The results of this study support findings from prior investigations on non-surgical patients with chronic kidney disease, cardiac disease, and within the general population.5–7 The relationship between serum phosphate levels and mortality is not well understood. Increasing evidence, however, supports a role for phosphate in the pathogenesis of medial and intimal calcification.16,17 For example, Ix et al evaluated the effect of serum phosphate on arterial calcification in patients with normal to moderate kidney function and found elevated serum levels were strongly associated with non-compressible vessels and increased ankle-brachial index after adjusting for renal function and cardiovascular risk factors. The authors suggest that increased cardiovascular events might be explained by increased arterial stiffness related to medial artery calcification.18 In the CARDIA study, Foley et al, also demonstrated that elevated serum phosphate levels were associated with coronary artery calcification in patients without a history of renal dysfunction.7 And in patients with peripheral arterial disease, calcification has been associated with increased rates of amputation and mortality, further supporting the hypothesis that decreased amputation free survival among patients with elevated phosphate may be related to increased arterial calcification.19, 20
The increased mortality in patients with hyperphosphatemia is demonstrated in multiple studies of patients with end-stage renal disease.21,22 Despite these findings, it remains possible that increased serum phosphate levels may reflect advanced coronary or renal disease. To further evaluate the impact of these factors on mortality, we performed a stratified analysis of dialysis and non-dialysis patients, adjusting for cardiac risk factors. This revealed a similar effect on mortality for both populations, suggesting that elevated serum phosphate levels have a detrimental effect on survival, independent of both renal and cardiac disease. Similarly, when glomerular filtration rate was included in the model, the effect on mortality remained. These findings support previous studies that demonstrated similar effects among patients without renal dysfunction. Dhingra et al described the effect of hyperphosphatemia on cardiovascular events in a large prospective study of Framingham offspring and found a significant association between elevated serum phosphate levels and increased risk of cardiovascular disease among individuals free of chronic kidney or cardiovascular disease in the community.8
The role of serum phosphate levels in heterotopic calcification has only recently been explored. Arterial calcification is a complex process promoted through an imbalance between endogenous stimulators and inhibitors.17 Vascular smooth muscle cells respond to increased phosphate levels by undergoing osteochondrogenic differentiation with subsequent mineralization of the extracellular matrix.

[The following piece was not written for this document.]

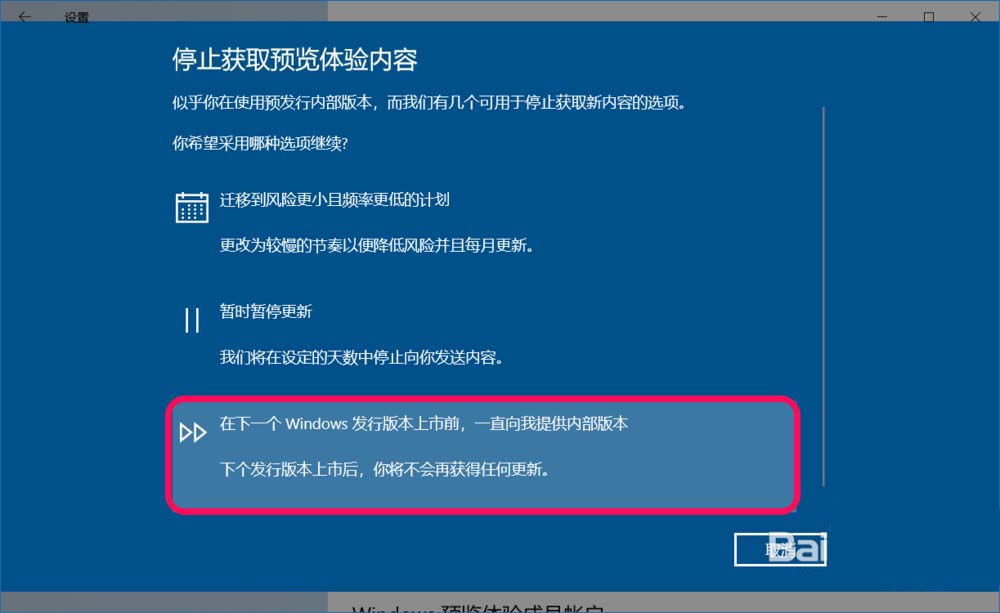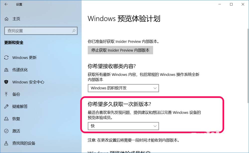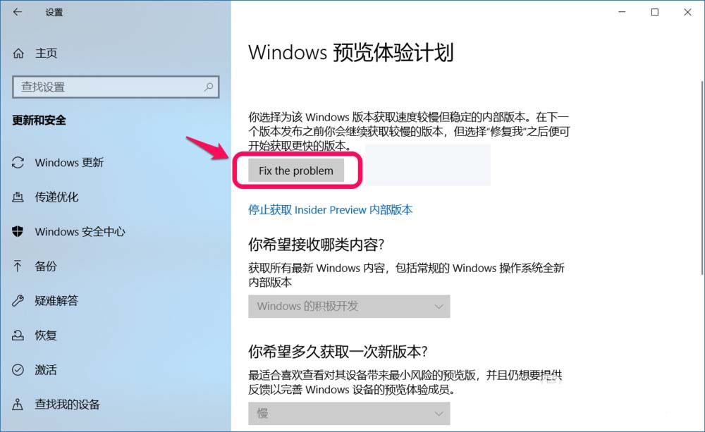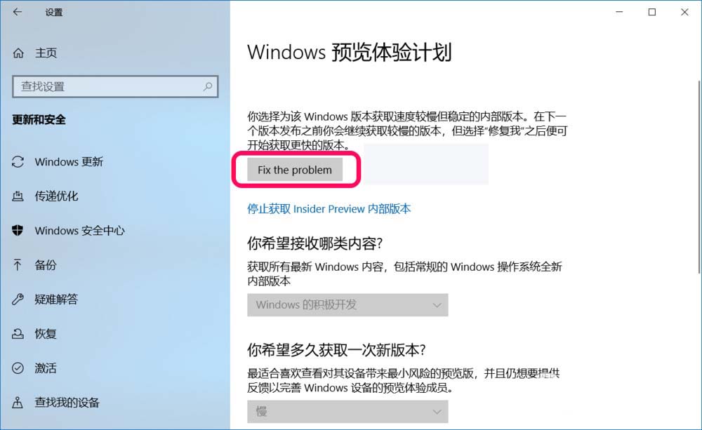你选择为该 windows 版本获取速度较慢但稳定的内部版本。在下一个版本发布之前你会继续获取较慢的版本,但选择【修复我】之后便可开始获取更快的版本。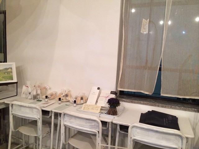 その奥にお茶を飲めるスペースがあり、小学校の机と椅子を白いペンキで塗ってそのまま使っていて柔らかい雰囲気とほっこり出来る空間になっています。

This process can be amplified by cytokines that increase the expression of sodium dependent phosphate co-transporters in the smooth muscle cells thus increasing their susceptibility to calcification.17 The presence of coronary and tibial artery calcification is associated with increased cardiovascular events, lower extremity amputation, and death.20, 23–25 Currently, dietary phosphate restriction, oral phosphate binders, and Vitamin D (1,25) supplementation are the primary treatment approaches to hyperphosphatemia.26 Historically, treatment was limited to patients on hemodialysis, however recent guidelines now also recommend treatment for patients with chronic kidney disease due to the associated adverse outcomes of untreated hyperphosphatemia.12 Clinical trials have shown phosphate binders to be successful in reducing serum phosphate levels, as well as secondary hyperparathyroid hormone and FGF-23, which occur in conjunction with hyperphosphatemia.26 The efficacy of phosphate reduction on improving overall mortality, however, is unknown and large clinical trials have yet to evaluate the effect of serum phosphate reduction on mortality.12, 27, 28
Decreased amputation free survival associated with hyperphosphatemia may have important clinical implications for the treatment of patients with critical limb ischemia. Our results suggest that peri-operative serum phosphate levels provide valuable prognostic information regarding patient mortality and amputation free survival. This study also highlights the need to identify phosphate management strategies in patients with critical limb ischemia even when concurrent renal dysfunction is not present. While hyperphosphatemia is commonly treated among patients on hemodialysis, current management guidelines now emphasize the importance of maintaining normal phosphate levels in those with earlier states of renal disease.12 Measurement of serum phosphate in the perioperative period may thus provide an opportunity to identify those patients at elevated risk. Finally, our data provides a clinical rational for further investigations on the role of phosphate in long-term outcomes of CLI patients.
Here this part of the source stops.